TASK GOAL: You are asked to copy the entire listing exactly, apart from its pictures.

[[ DATA EXTRACT open ]]

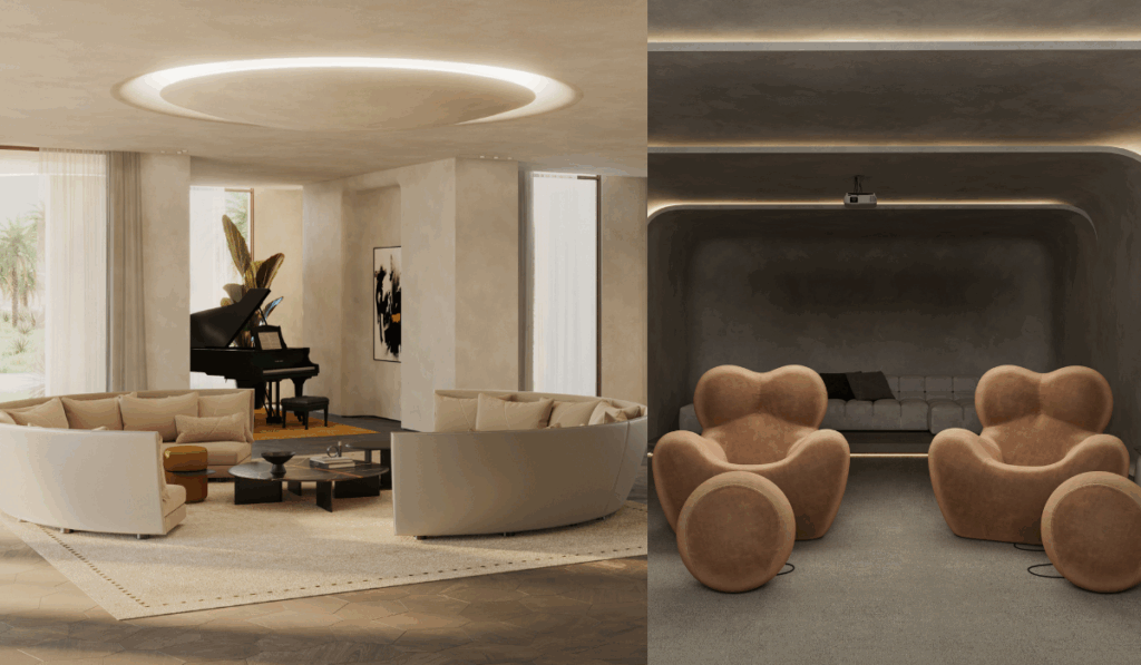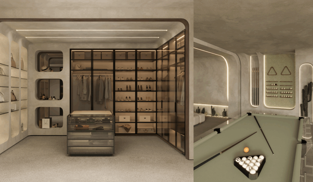 تتكون الفيلا الرئيسية من ثلاثة طوابق، وتضم وسائل راحة متعددة مثل: غرفة سينما، صالة رياضية، قاعة احتفالات، منطقة سبا، ساونا جافة، جاكوزي، وحمام تقليدي. بالإضافة إلى ذلك، تم تخصيص مساحة ورشة عمل للأشخاص المهتمين بالأنشطة الفنية.
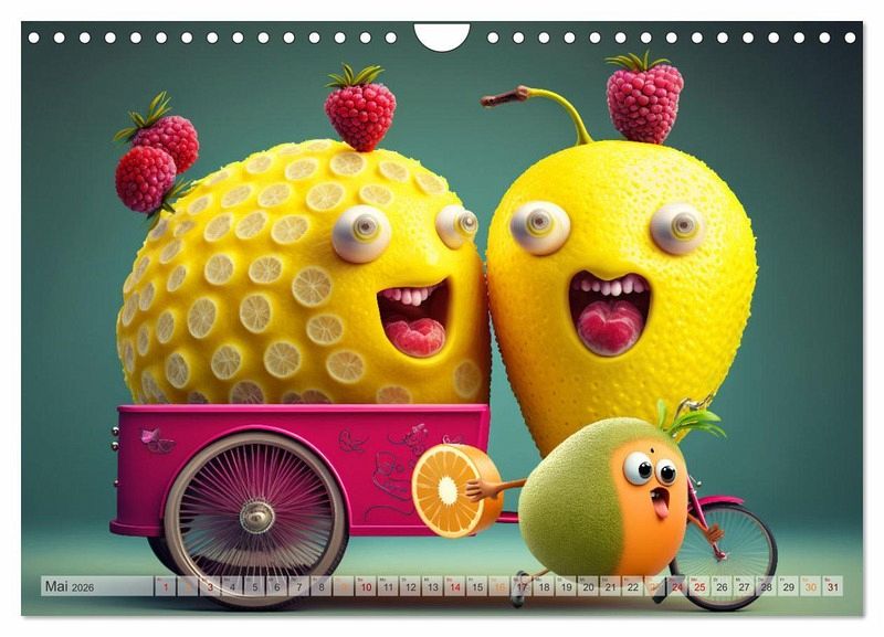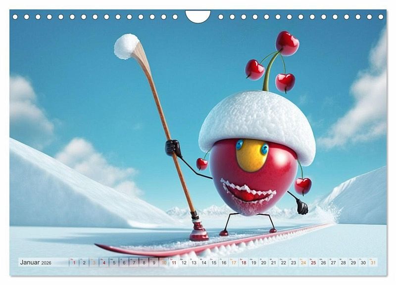 Erlebe mit dem Kalender "Fetzige Früchte" jeden Monat ein neues Abenteuer! Lustige Cartoon-Früchte haben sich in diesem Jahr auf die Piste gewagt, sind durch die Wellen gesurft und haben auch auf dem Fahrrad und im Boot ordentlich Gas gegeben. Lass dich von ihrer Abenteuerlust inspirieren und sorge für Farbe an deiner Wand - sei es im Büro oder im heimischen Wohnzimmer. Mit unseren farbenfrohen Bildern bringst du Abwechslung in dein Leben und kannst das ganze Jahr über neue fruchtige Aktivitäten entdecken.
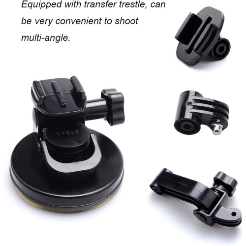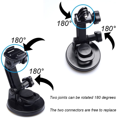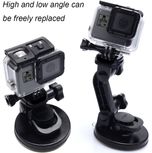 Suction Cup Mount compatible for Gopro Hero 10, Hero 9, Hero 8, Hero 7, Hero 6, Hero 5,Hero 2018 Hero 4, Hero 3+, Hero 3, Hero 2, Hero+, Gopro Max, Session All Gopro Cameras and Sjcam sj4000, sj5000, sj6000, sj7000 Akaso, Campark, and Xiaoyi or other action cameras. Attach your GoPro to cars, boats, motorcycles and more, Great for Apply to Car Windshield and Window as well as no dust, clean and smooth flat surfaces. Once applied, not affected by heat or cold, Very solid. Diameter: 85MM, Two joints can be rotated 180 degress. You can adjust to the angle you want. Suction cup mount provides a broad range of motion and stability, you can enjoy the POV filming, Get unlimited fun shots for your GoPro while driving. Four conversion seats, you can freely replace, low angle 2 pcs, high angle 2 pcs, which are included in the sucker accessories, you no longer need to pay. Instructions: Make sure surface is clean. Use only on slick, smooth surfaces such as glass, metal, ceramic tile,
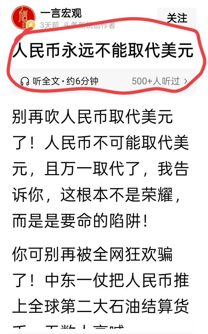 音书一出,全网对于“东谈主民币能否取代好意思元”的争论澈底炸锅。点开各大短视频、图文平台,一众博主纷繁以“感性暴露”的姿态发声,不雅点高度斡旋,话术更是如出一辙,像是斡旋复制粘贴而来。

[[ DATA EXTRACT closed ]]

WRITTEN REPLY:
 تتكون الفيلا الرئيسية من ثلاثة طوابق، وتضم وسائل راحة متعددة مثل: غرفة سينما، صالة رياضية، قاعة احتفالات، منطقة سبا، ساونا جافة، جاكوزي، وحمام تقليدي. بالإضافة إلى ذلك، تم تخصيص مساحة ورشة عمل للأشخاص المهتمين بالأنشطة الفنية.
 Erlebe mit dem Kalender "Fetzige Früchte" jeden Monat ein neues Abenteuer! Lustige Cartoon-Früchte haben sich in diesem Jahr auf die Piste gewagt, sind durch die Wellen gesurft und haben auch auf dem Fahrrad und im Boot ordentlich Gas gegeben. Lass dich von ihrer Abenteuerlust inspirieren und sorge für Farbe an deiner Wand - sei es im Büro oder im heimischen Wohnzimmer. Mit unseren farbenfrohen Bildern bringst du Abwechslung in dein Leben und kannst das ganze Jahr über neue fruchtige Aktivitäten entdecken.
 Suction Cup Mount compatible for Gopro Hero 10, Hero 9, Hero 8, Hero 7, Hero 6, Hero 5,Hero 2018 Hero 4, Hero 3+, Hero 3, Hero 2, Hero+, Gopro Max, Session All Gopro Cameras and Sjcam sj4000, sj5000, sj6000, sj7000 Akaso, Campark, and Xiaoyi or other action cameras. Attach your GoPro to cars, boats, motorcycles and more, Great for Apply to Car Windshield and Window as well as no dust, clean and smooth flat surfaces. Once applied, not affected by heat or cold, Very solid. Diameter: 85MM, Two joints can be rotated 180 degress. You can adjust to the angle you want. Suction cup mount provides a broad range of motion and stability, you can enjoy the POV filming, Get unlimited fun shots for your GoPro while driving. Four conversion seats, you can freely replace, low angle 2 pcs, high angle 2 pcs, which are included in the sucker accessories, you no longer need to pay. Instructions: Make sure surface is clean. Use only on slick, smooth surfaces such as glass, metal, ceramic tile,
 音书一出,全网对于“东谈主民币能否取代好意思元”的争论澈底炸锅。点开各大短视频、图文平台,一众博主纷繁以“感性暴露”的姿态发声,不雅点高度斡旋,话术更是如出一辙,像是斡旋复制粘贴而来。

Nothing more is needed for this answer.